Kaela's beauty had a firm hold on Alfred; it filled his soul,

and held a mastery over him. Beauty beamed from Kaela's every feature, glittered in her eyes, lurked in the corners of her mouth, and

pervaded every movement of her agile fingers. Alfred, the sculptor,

saw this. He spoke only to her, thought only of her, and the two

became one; and so it may be said she spoke much, for he was always talking to her; and he and she were one. Such was the betrothal, and then came the wedding, with bride's-maids and wedding presents, all duly mentioned in the wedding speech. Mamma-in-law had set up Thorwalsden's bust at the end of the table, attired in a dressing-gown; it was her fancy that he should be a guest. Songs were sung, and cheers given; for it was a gay wedding, and they were a handsome pair. "Pygmalion loved his Galatea," said one of the songs.

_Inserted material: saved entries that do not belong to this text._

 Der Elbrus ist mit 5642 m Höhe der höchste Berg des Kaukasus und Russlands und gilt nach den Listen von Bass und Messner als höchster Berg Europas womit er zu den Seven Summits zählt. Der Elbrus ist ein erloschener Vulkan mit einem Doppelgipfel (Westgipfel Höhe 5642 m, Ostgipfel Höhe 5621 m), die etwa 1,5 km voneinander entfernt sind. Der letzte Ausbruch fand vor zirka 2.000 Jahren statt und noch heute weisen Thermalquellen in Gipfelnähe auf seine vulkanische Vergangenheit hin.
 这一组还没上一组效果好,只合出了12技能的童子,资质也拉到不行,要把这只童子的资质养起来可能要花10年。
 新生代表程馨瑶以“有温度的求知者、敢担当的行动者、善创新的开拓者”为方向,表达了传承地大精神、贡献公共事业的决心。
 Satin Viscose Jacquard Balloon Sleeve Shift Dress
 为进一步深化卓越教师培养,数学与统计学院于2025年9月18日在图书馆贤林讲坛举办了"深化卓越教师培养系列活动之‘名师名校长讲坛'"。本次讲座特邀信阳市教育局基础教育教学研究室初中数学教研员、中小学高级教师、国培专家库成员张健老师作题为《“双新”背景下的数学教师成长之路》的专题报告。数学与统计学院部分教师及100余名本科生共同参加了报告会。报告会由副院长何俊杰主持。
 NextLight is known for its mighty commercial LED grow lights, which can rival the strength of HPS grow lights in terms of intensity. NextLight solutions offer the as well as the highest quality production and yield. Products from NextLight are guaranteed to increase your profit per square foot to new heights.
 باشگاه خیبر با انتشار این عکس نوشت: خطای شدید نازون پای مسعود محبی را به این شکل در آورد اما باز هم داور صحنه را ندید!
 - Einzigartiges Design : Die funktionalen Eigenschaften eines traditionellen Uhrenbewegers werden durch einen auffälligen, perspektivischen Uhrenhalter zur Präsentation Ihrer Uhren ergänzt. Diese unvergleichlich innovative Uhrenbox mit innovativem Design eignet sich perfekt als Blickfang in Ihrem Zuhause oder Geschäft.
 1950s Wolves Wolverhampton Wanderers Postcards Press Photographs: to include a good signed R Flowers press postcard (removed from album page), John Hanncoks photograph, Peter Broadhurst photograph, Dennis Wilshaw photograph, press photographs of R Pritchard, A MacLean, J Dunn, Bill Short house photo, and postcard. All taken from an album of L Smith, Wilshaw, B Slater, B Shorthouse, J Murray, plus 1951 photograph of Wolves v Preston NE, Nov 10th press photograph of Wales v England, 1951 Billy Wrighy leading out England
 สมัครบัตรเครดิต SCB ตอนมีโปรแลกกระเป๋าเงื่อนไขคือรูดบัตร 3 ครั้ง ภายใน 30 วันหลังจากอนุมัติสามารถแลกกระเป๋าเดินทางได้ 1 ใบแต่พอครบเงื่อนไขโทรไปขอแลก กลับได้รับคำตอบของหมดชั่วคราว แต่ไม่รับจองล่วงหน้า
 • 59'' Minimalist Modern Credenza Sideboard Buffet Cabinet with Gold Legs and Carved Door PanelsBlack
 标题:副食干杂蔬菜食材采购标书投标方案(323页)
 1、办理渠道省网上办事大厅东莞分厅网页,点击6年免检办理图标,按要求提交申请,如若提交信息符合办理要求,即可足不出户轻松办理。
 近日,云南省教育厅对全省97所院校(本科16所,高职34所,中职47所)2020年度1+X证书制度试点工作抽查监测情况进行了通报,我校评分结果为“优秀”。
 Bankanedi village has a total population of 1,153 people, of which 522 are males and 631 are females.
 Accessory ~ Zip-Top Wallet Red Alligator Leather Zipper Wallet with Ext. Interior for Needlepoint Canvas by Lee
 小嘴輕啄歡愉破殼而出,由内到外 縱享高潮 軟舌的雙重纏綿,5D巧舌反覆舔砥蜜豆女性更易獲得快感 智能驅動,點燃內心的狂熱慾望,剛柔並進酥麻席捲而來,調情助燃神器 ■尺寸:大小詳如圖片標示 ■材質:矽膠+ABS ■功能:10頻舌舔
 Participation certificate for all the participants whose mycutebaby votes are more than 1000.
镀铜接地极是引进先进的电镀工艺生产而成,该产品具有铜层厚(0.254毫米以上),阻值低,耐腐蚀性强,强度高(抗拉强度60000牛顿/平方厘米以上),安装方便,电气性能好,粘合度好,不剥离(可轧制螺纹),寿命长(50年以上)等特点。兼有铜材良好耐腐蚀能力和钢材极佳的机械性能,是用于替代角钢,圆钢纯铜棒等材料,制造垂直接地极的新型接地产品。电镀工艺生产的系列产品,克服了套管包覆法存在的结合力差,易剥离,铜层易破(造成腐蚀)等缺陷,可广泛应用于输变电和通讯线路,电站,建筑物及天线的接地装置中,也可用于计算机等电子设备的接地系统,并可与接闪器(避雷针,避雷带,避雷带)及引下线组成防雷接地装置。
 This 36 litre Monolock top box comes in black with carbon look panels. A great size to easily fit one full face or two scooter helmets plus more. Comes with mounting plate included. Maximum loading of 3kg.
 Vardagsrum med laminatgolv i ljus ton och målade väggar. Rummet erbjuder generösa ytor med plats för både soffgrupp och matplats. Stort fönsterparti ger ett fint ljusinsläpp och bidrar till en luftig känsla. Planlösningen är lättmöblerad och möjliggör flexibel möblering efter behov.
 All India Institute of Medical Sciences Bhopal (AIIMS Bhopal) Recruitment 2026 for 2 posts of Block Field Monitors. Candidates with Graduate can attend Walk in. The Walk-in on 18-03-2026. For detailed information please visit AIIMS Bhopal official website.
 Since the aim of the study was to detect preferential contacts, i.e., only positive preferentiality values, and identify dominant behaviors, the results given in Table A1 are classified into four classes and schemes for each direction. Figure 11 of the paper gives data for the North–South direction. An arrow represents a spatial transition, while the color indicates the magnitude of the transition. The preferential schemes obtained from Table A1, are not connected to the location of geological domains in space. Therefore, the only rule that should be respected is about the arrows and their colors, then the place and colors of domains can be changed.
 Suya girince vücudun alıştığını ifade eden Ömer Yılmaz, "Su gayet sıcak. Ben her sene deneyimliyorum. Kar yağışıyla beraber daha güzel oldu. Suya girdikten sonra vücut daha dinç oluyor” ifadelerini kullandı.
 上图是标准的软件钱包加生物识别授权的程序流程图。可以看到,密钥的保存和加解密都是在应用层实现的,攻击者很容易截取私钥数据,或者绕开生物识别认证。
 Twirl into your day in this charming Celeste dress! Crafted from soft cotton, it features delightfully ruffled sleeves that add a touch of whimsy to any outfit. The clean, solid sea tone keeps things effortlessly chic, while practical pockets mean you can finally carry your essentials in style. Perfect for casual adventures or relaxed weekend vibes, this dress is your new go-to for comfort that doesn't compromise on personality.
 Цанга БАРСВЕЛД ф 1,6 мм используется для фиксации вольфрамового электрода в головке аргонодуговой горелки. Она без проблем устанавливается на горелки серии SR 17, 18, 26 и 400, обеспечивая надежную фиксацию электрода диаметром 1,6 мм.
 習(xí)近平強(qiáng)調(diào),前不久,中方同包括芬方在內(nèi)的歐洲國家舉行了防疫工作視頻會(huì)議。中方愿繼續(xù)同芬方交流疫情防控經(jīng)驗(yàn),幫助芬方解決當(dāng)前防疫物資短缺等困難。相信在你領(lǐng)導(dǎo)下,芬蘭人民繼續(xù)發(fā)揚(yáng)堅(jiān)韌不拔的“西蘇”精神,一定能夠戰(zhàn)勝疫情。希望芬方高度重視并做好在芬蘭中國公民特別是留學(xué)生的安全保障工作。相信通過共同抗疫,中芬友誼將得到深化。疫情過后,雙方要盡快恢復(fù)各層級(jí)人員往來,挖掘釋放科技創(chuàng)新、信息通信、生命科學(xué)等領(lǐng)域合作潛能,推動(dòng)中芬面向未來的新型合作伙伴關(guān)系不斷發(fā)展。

"Ah, that is some of your mythologies," said mamma-in-law.

Next day the youthful pair started for Copenhagen, where they were

to live; mamma-in-law accompanied them, to attend to the "coarse

work," as she always called the domestic arrangements. Kaela looked

like a doll in a doll's house, for everything was bright and new,

and so fine. There they sat, all three; and as for Alfred, a proverb

may describe his position- he looked like a swan amongst the geese.

The magic of form had enchanted him; he had looked at the casket

without caring to inquire what it contained, and that omission often

brings the greatest unhappiness into married life. The casket may be

injured, the gilding may fall off, and then the purchaser regrets

his bargain.

In a large party it is very disagreeable to find a button giving

way, with no studs at hand to fall back upon; but it is worse still in

a large company to be conscious that your wife and mother-in-law are

talking nonsense, and that you cannot depend upon yourself to

produce a little ready wit to carry off the stupidity of the whole

affair.

The young married pair often sat together hand in hand; he would

talk, but she could only now and then let fall a word in the same

melodious voice, the same bell-like tones. It was a mental relief when

Sophy, one of her friends, came to pay them a visit. Sophy was not,

pretty. She was, however, quite free from any physical deformity,

although Kaela used to say she was a little crooked; but no eye,

save an intimate acquaintance, would have noticed it. She was a very

sensible girl, yet it never occurred to her that she might be a

dangerous person in such a house. Her appearance created a new

atmosphere in the doll's house, and air was really required, they

all owned that. They felt the want of a change of air, and

consequently the young couple and their mother travelled to Italy.

"Thank heaven we are at home again within our own four walls,"

said mamma-in-law and daughter both, on their return after a year's

absence.

"There is no real pleasure in travelling," said mamma; "to tell

the truth, it's very wearisome; I beg pardon for saying so. I was soon

very tired of it, although I had my children with me; and, besides,

it's very expensive work travelling, very expensive. And all those

galleries one is expected to see, and the quantity of things you are

obliged to run after! It must be done, for very shame; you are sure to

be asked when you come back if you have seen everything, and will most likely be told that you've omitted to see what was best worth seeing of all. I got tired at last of those endless Madonnas; I began to

think I was turning into a Madonna myself."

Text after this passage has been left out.